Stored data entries
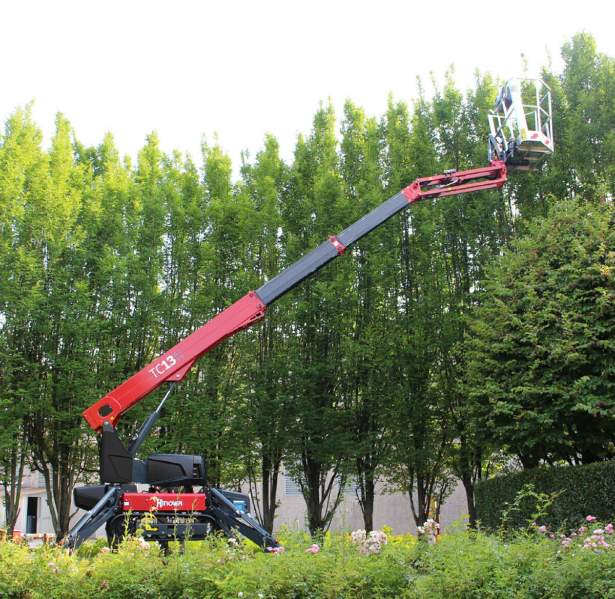 Teleskop-Raupenbühne Hinowa TeleCrawler13S, el./Akkubetrieben, automatische Abstützung, Arbeitshöhe 13 m, geringe Abmessungen und eine Abstützfläche von nur 2,8 m x 3,1 m. Korblast 230 kg, maximale Höhe 13 m, max. waagrechte Reichweite der Arbeit 6,40 m, Gesamtgewicht 2.050 kg, nicht markierende Gummiketten.
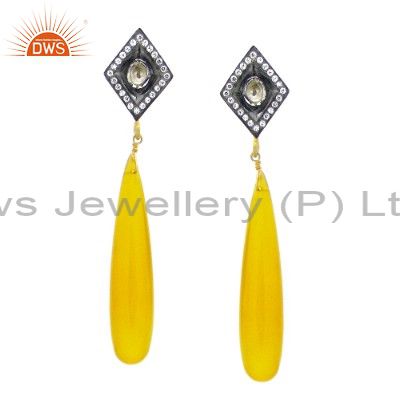 18K Gold Plated Sterling Silver Yellow Chalcedony And Cz Polki Dangle Earrings
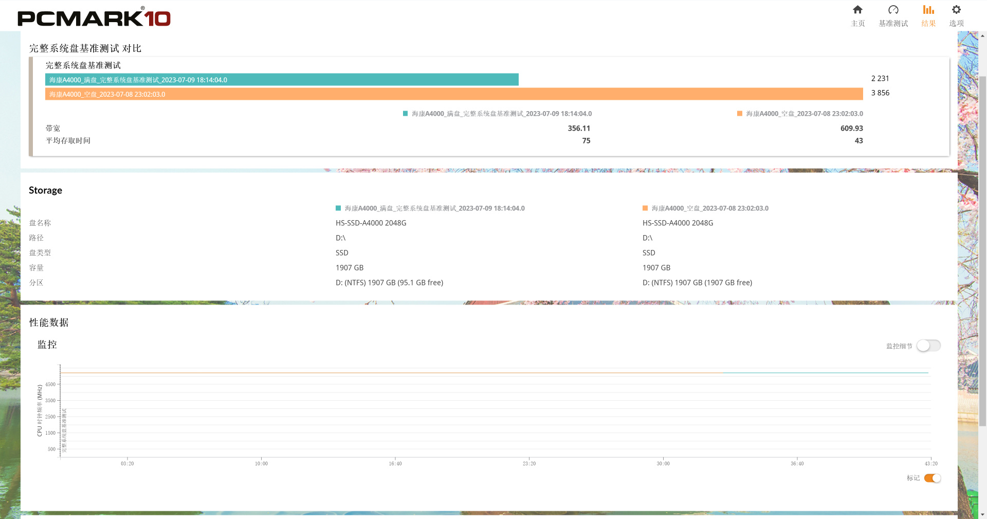 在這裏,我們將海康A4000空盤與95%滿盤狀態下的測試成績進行了對比。
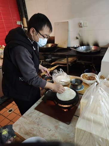 在山西长治市,实践队员向师傅们学习长治特色美食驴肉甩饼的制作工艺。驴肉甩饼的每一个制作步骤都需要工匠精湛的手艺和耐心细致的操作,它承载着当地人民对传统文化的珍视和传承。在享受美味的同时,实践队员希望让更多的人了解、喜爱并传承中华饮食文化的精髓。
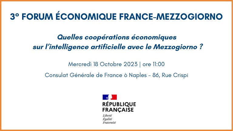 3° FORUM ECONOMICO FRANCIA-MEZZOGIORNO Mercredi 18 Octobre 2023 H11 Consulat Générale de France à Napoli - Via Crispi 86

PROBLEM REQUIREMENTS
Please write out the lines above exactly, from the one that contains "在山西长治市,实践队员向师傅" through the final line, and include none of the pictures.

EXERCISE RESPONSE
 在山西长治市,实践队员向师傅们学习长治特色美食驴肉甩饼的制作工艺。驴肉甩饼的每一个制作步骤都需要工匠精湛的手艺和耐心细致的操作,它承载着当地人民对传统文化的珍视和传承。在享受美味的同时,实践队员希望让更多的人了解、喜爱并传承中华饮食文化的精髓。
 3° FORUM ECONOMICO FRANCIA-MEZZOGIORNO Mercredi 18 Octobre 2023 H11 Consulat Générale de France à Napoli - Via Crispi 86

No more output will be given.